» **ACTIVITY**: Print out the data below with every line intact.

Saved data entries:
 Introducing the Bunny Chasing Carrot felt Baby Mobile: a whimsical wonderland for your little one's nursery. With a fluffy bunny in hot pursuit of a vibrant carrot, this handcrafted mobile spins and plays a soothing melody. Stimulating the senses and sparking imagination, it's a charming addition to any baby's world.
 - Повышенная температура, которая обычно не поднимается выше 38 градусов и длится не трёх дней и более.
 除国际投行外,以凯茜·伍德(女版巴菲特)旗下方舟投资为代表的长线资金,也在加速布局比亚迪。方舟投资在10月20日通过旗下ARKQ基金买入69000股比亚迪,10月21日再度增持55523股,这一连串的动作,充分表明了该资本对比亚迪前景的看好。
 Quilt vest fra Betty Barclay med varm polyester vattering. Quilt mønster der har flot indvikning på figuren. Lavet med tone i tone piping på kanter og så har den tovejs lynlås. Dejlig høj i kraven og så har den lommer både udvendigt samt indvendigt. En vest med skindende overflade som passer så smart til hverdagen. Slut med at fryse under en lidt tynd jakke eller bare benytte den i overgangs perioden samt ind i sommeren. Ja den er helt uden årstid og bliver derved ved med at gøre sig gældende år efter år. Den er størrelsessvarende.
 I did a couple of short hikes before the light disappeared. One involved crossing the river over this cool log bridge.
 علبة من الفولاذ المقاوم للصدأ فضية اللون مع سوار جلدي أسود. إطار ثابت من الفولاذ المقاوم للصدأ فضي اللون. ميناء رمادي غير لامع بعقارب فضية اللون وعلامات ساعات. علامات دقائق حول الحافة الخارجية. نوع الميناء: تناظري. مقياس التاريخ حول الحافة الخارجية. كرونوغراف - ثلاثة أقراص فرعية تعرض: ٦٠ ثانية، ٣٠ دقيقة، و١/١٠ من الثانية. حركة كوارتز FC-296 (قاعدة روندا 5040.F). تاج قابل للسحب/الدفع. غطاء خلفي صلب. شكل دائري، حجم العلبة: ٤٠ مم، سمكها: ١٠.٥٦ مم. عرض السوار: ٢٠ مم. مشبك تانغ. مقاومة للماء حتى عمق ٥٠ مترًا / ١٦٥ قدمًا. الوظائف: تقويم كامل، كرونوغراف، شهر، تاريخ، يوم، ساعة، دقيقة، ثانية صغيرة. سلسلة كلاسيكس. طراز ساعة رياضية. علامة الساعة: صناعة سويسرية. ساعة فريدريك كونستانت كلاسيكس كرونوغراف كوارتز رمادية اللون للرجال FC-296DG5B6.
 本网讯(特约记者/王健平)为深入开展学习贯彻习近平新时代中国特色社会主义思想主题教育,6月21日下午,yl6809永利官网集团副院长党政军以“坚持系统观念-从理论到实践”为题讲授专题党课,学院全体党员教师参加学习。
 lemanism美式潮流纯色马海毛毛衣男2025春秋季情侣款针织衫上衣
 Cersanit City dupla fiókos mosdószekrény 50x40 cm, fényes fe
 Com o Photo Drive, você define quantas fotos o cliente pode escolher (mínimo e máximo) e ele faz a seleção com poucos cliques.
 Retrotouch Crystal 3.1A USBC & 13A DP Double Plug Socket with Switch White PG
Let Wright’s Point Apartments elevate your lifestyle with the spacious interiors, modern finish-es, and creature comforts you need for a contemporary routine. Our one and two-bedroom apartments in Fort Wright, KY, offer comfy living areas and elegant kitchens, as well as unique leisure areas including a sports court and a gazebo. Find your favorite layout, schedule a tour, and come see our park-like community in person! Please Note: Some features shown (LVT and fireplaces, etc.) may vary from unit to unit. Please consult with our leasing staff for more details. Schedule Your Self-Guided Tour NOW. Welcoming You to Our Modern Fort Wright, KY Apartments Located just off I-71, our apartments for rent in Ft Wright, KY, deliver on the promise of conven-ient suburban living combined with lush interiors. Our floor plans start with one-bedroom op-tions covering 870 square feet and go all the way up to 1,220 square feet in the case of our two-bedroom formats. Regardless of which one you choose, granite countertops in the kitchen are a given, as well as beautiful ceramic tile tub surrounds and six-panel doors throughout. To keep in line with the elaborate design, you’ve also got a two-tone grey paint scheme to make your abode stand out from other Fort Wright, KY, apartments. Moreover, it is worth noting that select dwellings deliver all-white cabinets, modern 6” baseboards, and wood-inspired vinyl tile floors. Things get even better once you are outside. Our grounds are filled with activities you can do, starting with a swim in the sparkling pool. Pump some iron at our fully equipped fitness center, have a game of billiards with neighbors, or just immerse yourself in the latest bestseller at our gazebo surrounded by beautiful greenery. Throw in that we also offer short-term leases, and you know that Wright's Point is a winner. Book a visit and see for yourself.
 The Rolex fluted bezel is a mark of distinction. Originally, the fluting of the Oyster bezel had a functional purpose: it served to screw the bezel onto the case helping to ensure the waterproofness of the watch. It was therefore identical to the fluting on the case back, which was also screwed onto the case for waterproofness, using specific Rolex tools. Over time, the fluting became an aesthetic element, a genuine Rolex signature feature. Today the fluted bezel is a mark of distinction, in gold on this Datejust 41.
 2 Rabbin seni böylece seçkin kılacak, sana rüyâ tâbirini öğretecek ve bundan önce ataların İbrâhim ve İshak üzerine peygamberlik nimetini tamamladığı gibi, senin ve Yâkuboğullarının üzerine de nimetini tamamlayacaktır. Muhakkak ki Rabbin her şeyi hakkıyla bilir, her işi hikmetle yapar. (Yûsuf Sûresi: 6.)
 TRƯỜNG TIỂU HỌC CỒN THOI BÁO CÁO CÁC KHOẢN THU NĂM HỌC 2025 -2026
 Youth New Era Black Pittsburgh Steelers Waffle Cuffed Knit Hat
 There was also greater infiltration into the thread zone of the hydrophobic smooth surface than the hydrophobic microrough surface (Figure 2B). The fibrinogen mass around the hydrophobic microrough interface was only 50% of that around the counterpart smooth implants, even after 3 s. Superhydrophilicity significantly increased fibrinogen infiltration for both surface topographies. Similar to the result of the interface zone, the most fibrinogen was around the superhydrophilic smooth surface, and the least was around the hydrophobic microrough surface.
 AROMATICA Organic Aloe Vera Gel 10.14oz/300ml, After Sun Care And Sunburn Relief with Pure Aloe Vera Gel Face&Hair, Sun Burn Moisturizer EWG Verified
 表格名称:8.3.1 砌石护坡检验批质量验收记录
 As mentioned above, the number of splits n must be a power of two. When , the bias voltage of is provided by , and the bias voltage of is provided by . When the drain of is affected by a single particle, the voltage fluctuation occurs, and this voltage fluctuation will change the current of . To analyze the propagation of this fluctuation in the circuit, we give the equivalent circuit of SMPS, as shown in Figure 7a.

» **YOUR RESPONSE**:
 Introducing the Bunny Chasing Carrot felt Baby Mobile: a whimsical wonderland for your little one's nursery. With a fluffy bunny in hot pursuit of a vibrant carrot, this handcrafted mobile spins and plays a soothing melody. Stimulating the senses and sparking imagination, it's a charming addition to any baby's world.
 - Повышенная температура, которая обычно не поднимается выше 38 градусов и длится не трёх дней и более.
 除国际投行外,以凯茜·伍德(女版巴菲特)旗下方舟投资为代表的长线资金,也在加速布局比亚迪。方舟投资在10月20日通过旗下ARKQ基金买入69000股比亚迪,10月21日再度增持55523股,这一连串的动作,充分表明了该资本对比亚迪前景的看好。
 Quilt vest fra Betty Barclay med varm polyester vattering. Quilt mønster der har flot indvikning på figuren. Lavet med tone i tone piping på kanter og så har den tovejs lynlås. Dejlig høj i kraven og så har den lommer både udvendigt samt indvendigt. En vest med skindende overflade som passer så smart til hverdagen. Slut med at fryse under en lidt tynd jakke eller bare benytte den i overgangs perioden samt ind i sommeren. Ja den er helt uden årstid og bliver derved ved med at gøre sig gældende år efter år. Den er størrelsessvarende.
 I did a couple of short hikes before the light disappeared. One involved crossing the river over this cool log bridge.
 علبة من الفولاذ المقاوم للصدأ فضية اللون مع سوار جلدي أسود. إطار ثابت من الفولاذ المقاوم للصدأ فضي اللون. ميناء رمادي غير لامع بعقارب فضية اللون وعلامات ساعات. علامات دقائق حول الحافة الخارجية. نوع الميناء: تناظري. مقياس التاريخ حول الحافة الخارجية. كرونوغراف - ثلاثة أقراص فرعية تعرض: ٦٠ ثانية، ٣٠ دقيقة، و١/١٠ من الثانية. حركة كوارتز FC-296 (قاعدة روندا 5040.F). تاج قابل للسحب/الدفع. غطاء خلفي صلب. شكل دائري، حجم العلبة: ٤٠ مم، سمكها: ١٠.٥٦ مم. عرض السوار: ٢٠ مم. مشبك تانغ. مقاومة للماء حتى عمق ٥٠ مترًا / ١٦٥ قدمًا. الوظائف: تقويم كامل، كرونوغراف، شهر، تاريخ، يوم، ساعة، دقيقة، ثانية صغيرة. سلسلة كلاسيكس. طراز ساعة رياضية. علامة الساعة: صناعة سويسرية. ساعة فريدريك كونستانت كلاسيكس كرونوغراف كوارتز رمادية اللون للرجال FC-296DG5B6.
 本网讯(特约记者/王健平)为深入开展学习贯彻习近平新时代中国特色社会主义思想主题教育,6月21日下午,yl6809永利官网集团副院长党政军以“坚持系统观念-从理论到实践”为题讲授专题党课,学院全体党员教师参加学习。
 lemanism美式潮流纯色马海毛毛衣男2025春秋季情侣款针织衫上衣
 Cersanit City dupla fiókos mosdószekrény 50x40 cm, fényes fe
 Com o Photo Drive, você define quantas fotos o cliente pode escolher (mínimo e máximo) e ele faz a seleção com poucos cliques.
 Retrotouch Crystal 3.1A USBC & 13A DP Double Plug Socket with Switch White PG
Let Wright’s Point Apartments elevate your lifestyle with the spacious interiors, modern finish-es, and creature comforts you need for a contemporary routine. Our one and two-bedroom apartments in Fort Wright, KY, offer comfy living areas and elegant kitchens, as well as unique leisure areas including a sports court and a gazebo. Find your favorite layout, schedule a tour, and come see our park-like community in person! Please Note: Some features shown (LVT and fireplaces, etc.) may vary from unit to unit. Please consult with our leasing staff for more details. Schedule Your Self-Guided Tour NOW. Welcoming You to Our Modern Fort Wright, KY Apartments Located just off I-71, our apartments for rent in Ft Wright, KY, deliver on the promise of conven-ient suburban living combined with lush interiors. Our floor plans start with one-bedroom op-tions covering 870 square feet and go all the way up to 1,220 square feet in the case of our two-bedroom formats. Regardless of which one you choose, granite countertops in the kitchen are a given, as well as beautiful ceramic tile tub surrounds and six-panel doors throughout. To keep in line with the elaborate design, you’ve also got a two-tone grey paint scheme to make your abode stand out from other Fort Wright, KY, apartments. Moreover, it is worth noting that select dwellings deliver all-white cabinets, modern 6” baseboards, and wood-inspired vinyl tile floors. Things get even better once you are outside. Our grounds are filled with activities you can do, starting with a swim in the sparkling pool. Pump some iron at our fully equipped fitness center, have a game of billiards with neighbors, or just immerse yourself in the latest bestseller at our gazebo surrounded by beautiful greenery. Throw in that we also offer short-term leases, and you know that Wright's Point is a winner. Book a visit and see for yourself.
 The Rolex fluted bezel is a mark of distinction. Originally, the fluting of the Oyster bezel had a functional purpose: it served to screw the bezel onto the case helping to ensure the waterproofness of the watch. It was therefore identical to the fluting on the case back, which was also screwed onto the case for waterproofness, using specific Rolex tools. Over time, the fluting became an aesthetic element, a genuine Rolex signature feature. Today the fluted bezel is a mark of distinction, in gold on this Datejust 41.
 2 Rabbin seni böylece seçkin kılacak, sana rüyâ tâbirini öğretecek ve bundan önce ataların İbrâhim ve İshak üzerine peygamberlik nimetini tamamladığı gibi, senin ve Yâkuboğullarının üzerine de nimetini tamamlayacaktır. Muhakkak ki Rabbin her şeyi hakkıyla bilir, her işi hikmetle yapar. (Yûsuf Sûresi: 6.)
 TRƯỜNG TIỂU HỌC CỒN THOI BÁO CÁO CÁC KHOẢN THU NĂM HỌC 2025 -2026
 Youth New Era Black Pittsburgh Steelers Waffle Cuffed Knit Hat
 There was also greater infiltration into the thread zone of the hydrophobic smooth surface than the hydrophobic microrough surface (Figure 2B). The fibrinogen mass around the hydrophobic microrough interface was only 50% of that around the counterpart smooth implants, even after 3 s. Superhydrophilicity significantly increased fibrinogen infiltration for both surface topographies. Similar to the result of the interface zone, the most fibrinogen was around the superhydrophilic smooth surface, and the least was around the hydrophobic microrough surface.
 AROMATICA Organic Aloe Vera Gel 10.14oz/300ml, After Sun Care And Sunburn Relief with Pure Aloe Vera Gel Face&Hair, Sun Burn Moisturizer EWG Verified
 表格名称:8.3.1 砌石护坡检验批质量验收记录
 As mentioned above, the number of splits n must be a power of two. When , the bias voltage of is provided by , and the bias voltage of is provided by . When the drain of is affected by a single particle, the voltage fluctuation occurs, and this voltage fluctuation will change the current of . To analyze the propagation of this fluctuation in the circuit, we give the equivalent circuit of SMPS, as shown in Figure 7a.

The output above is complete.